- [WHAT YOU HAVE TO DO]: Here the job is to transcribe the data verbatim while leaving each picture out.

- [DATA BLOCK]:
################

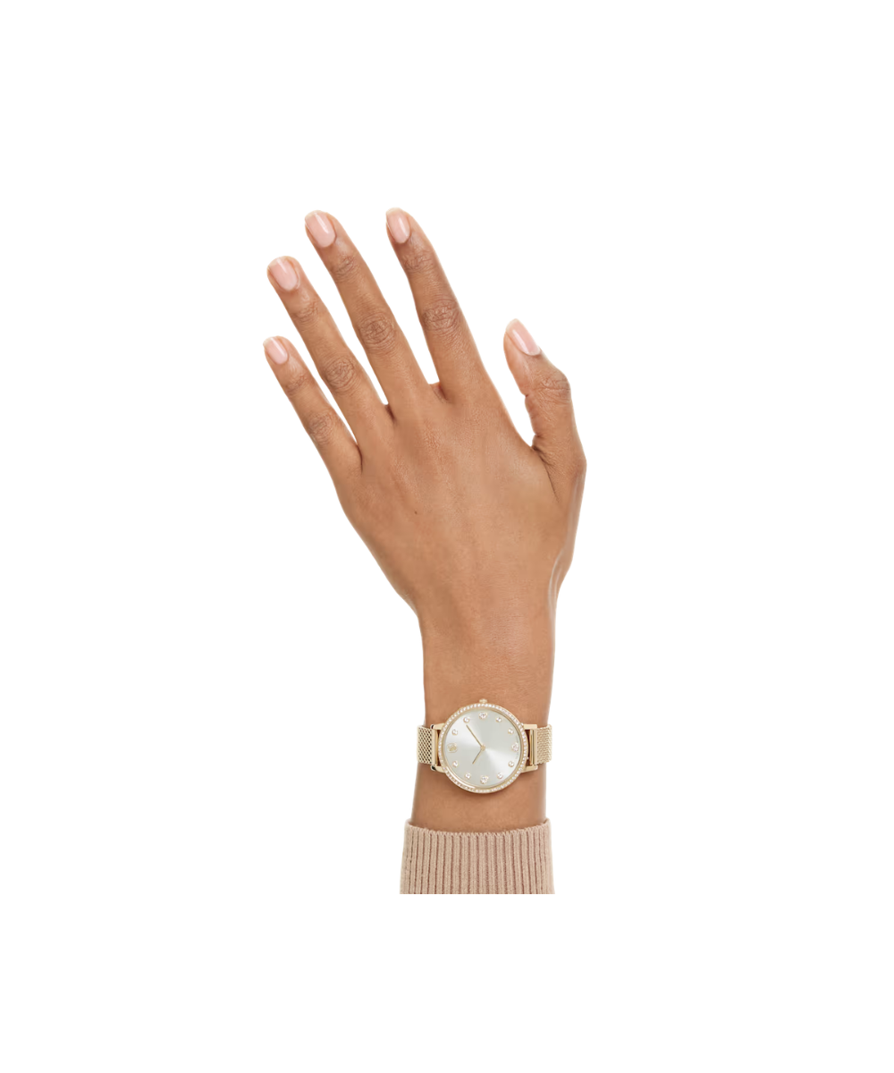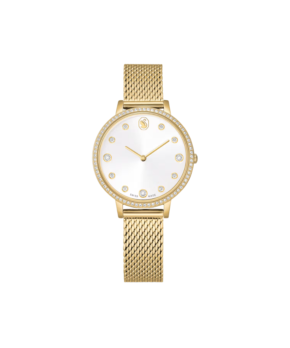 This sleek Clarica watch is distinguished by its signature Milanese bracelet, which delivers a striking mesh style around the wrist. The 35mm design is crafted in stainless steel with a gold-tone finish and features a perfectly circular bezel set with 73 clear crystals. On the sunray dial, the timepiece reveals 11 crystal indexes and a swan emblem at 12 o’clock. This Swiss Made watch is water-resistant to 50m and offers a classic choice for everyday luxury.
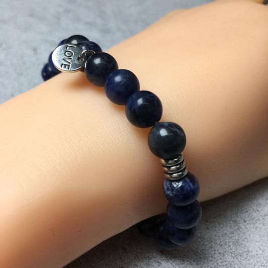 Gemstone Sodalite Custom Beads Bracelet Love Heart Charm Stretch Bracelets
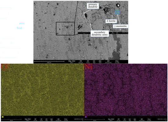 As illustrated in Figure 8, the WAAM 316L stainless steel comprises a matrix phase of austenite γ and a precipitation phase of ferrite δ. Among these elements, Cr and Mo are enriched in the ferrite, while Ni is depleted. In austenitic stainless steel, the occurrence of localized element diffusion phenomena is evident. Specifically, ferrite-forming elements, such as Cr, exhibit diffusion from austenite to ferrite, while the austenite-forming elements, including Ni, demonstrate the opposite behavior. This phenomenon is attributed to the short-range diffusion mechanism. EDS spectroscopy was performed on the matrix and precipitation phases of the V20 specimen to analyze the composition and proportion of each element in the matrix and precipitation phases. The specific compositions are shown in Table 3.

################

- [RESULT]:
 This sleek Clarica watch is distinguished by its signature Milanese bracelet, which delivers a striking mesh style around the wrist. The 35mm design is crafted in stainless steel with a gold-tone finish and features a perfectly circular bezel set with 73 clear crystals. On the sunray dial, the timepiece reveals 11 crystal indexes and a swan emblem at 12 o’clock. This Swiss Made watch is water-resistant to 50m and offers a classic choice for everyday luxury.
 Gemstone Sodalite Custom Beads Bracelet Love Heart Charm Stretch Bracelets
 As illustrated in Figure 8, the WAAM 316L stainless steel comprises a matrix phase of austenite γ and a precipitation phase of ferrite δ. Among these elements, Cr and Mo are enriched in the ferrite, while Ni is depleted. In austenitic stainless steel, the occurrence of localized element diffusion phenomena is evident. Specifically, ferrite-forming elements, such as Cr, exhibit diffusion from austenite to ferrite, while the austenite-forming elements, including Ni, demonstrate the opposite behavior. This phenomenon is attributed to the short-range diffusion mechanism. EDS spectroscopy was performed on the matrix and precipitation phases of the V20 specimen to analyze the composition and proportion of each element in the matrix and precipitation phases. The specific compositions are shown in Table 3.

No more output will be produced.